— TASK REQUIREMENTS —
Every line of the material is to be returned verbatim. Pictures stay out.

— DATA —
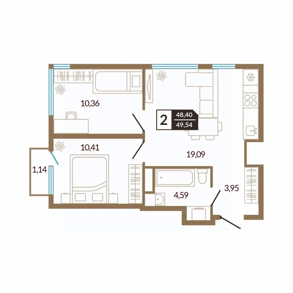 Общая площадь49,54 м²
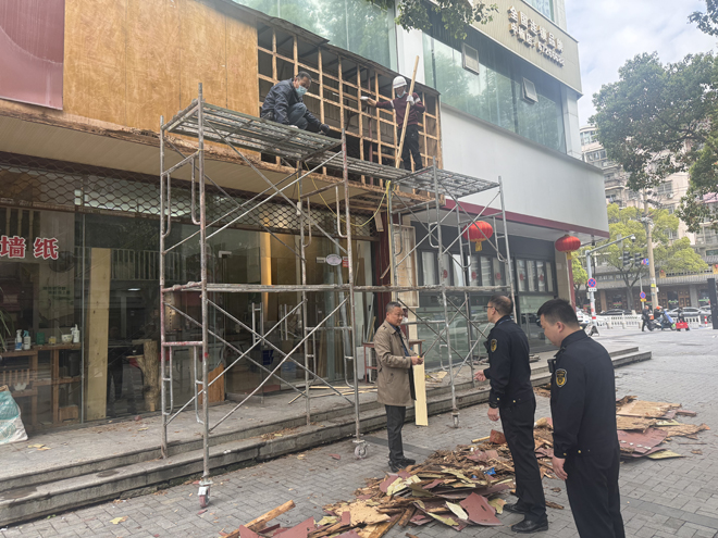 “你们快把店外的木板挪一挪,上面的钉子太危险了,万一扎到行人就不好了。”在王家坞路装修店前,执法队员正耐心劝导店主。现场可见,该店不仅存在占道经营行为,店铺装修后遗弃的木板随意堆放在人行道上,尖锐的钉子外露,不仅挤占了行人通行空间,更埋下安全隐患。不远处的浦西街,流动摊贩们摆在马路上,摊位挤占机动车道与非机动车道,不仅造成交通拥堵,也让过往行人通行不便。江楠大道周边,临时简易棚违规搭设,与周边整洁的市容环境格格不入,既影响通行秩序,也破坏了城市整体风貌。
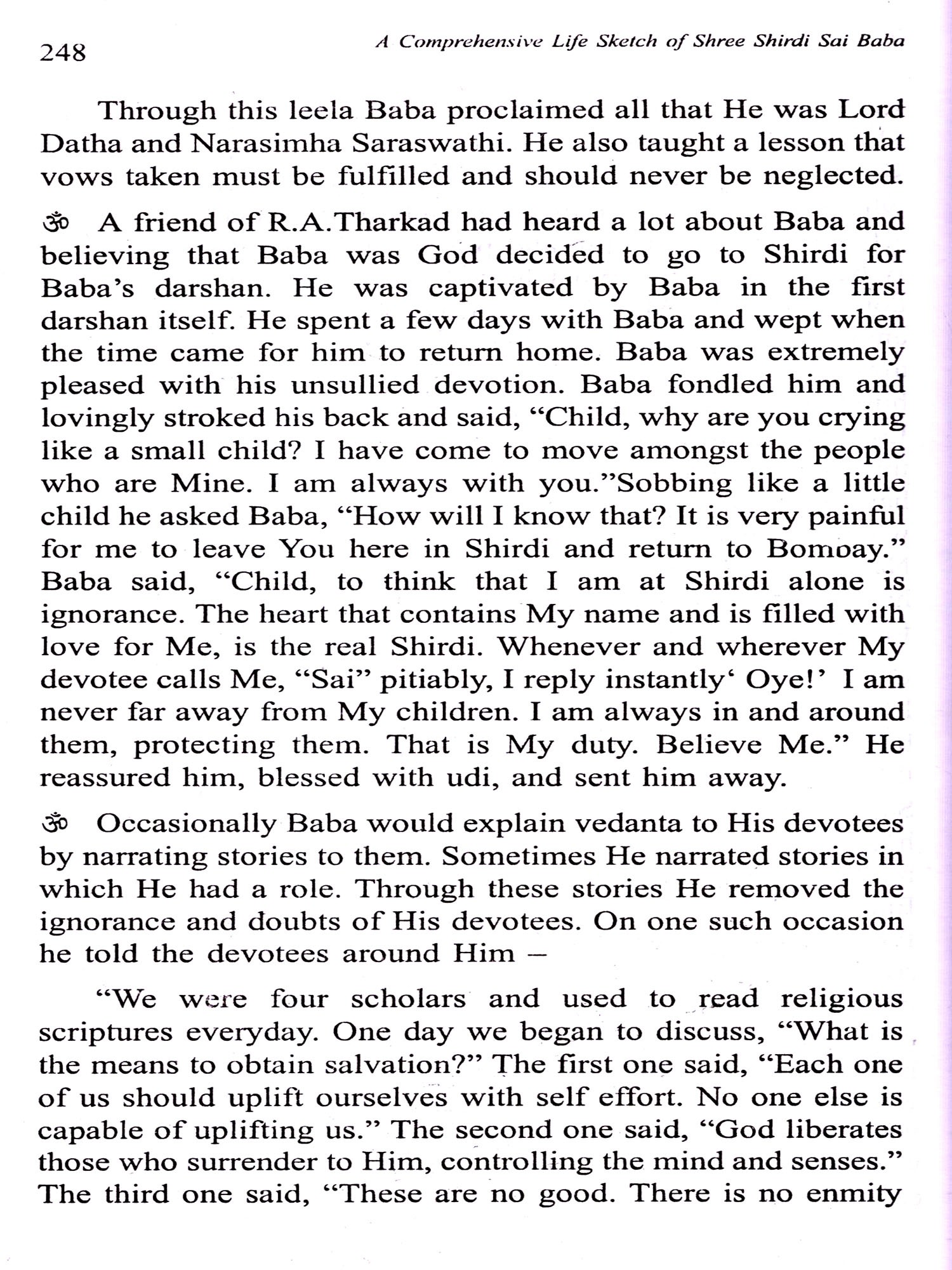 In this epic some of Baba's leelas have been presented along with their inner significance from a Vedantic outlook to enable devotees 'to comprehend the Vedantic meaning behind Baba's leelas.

— PROBLEM SOLUTION —
 Общая площадь49,54 м²
 “你们快把店外的木板挪一挪,上面的钉子太危险了,万一扎到行人就不好了。”在王家坞路装修店前,执法队员正耐心劝导店主。现场可见,该店不仅存在占道经营行为,店铺装修后遗弃的木板随意堆放在人行道上,尖锐的钉子外露,不仅挤占了行人通行空间,更埋下安全隐患。不远处的浦西街,流动摊贩们摆在马路上,摊位挤占机动车道与非机动车道,不仅造成交通拥堵,也让过往行人通行不便。江楠大道周边,临时简易棚违规搭设,与周边整洁的市容环境格格不入,既影响通行秩序,也破坏了城市整体风貌。
 In this epic some of Baba's leelas have been presented along with their inner significance from a Vedantic outlook to enable devotees 'to comprehend the Vedantic meaning behind Baba's leelas.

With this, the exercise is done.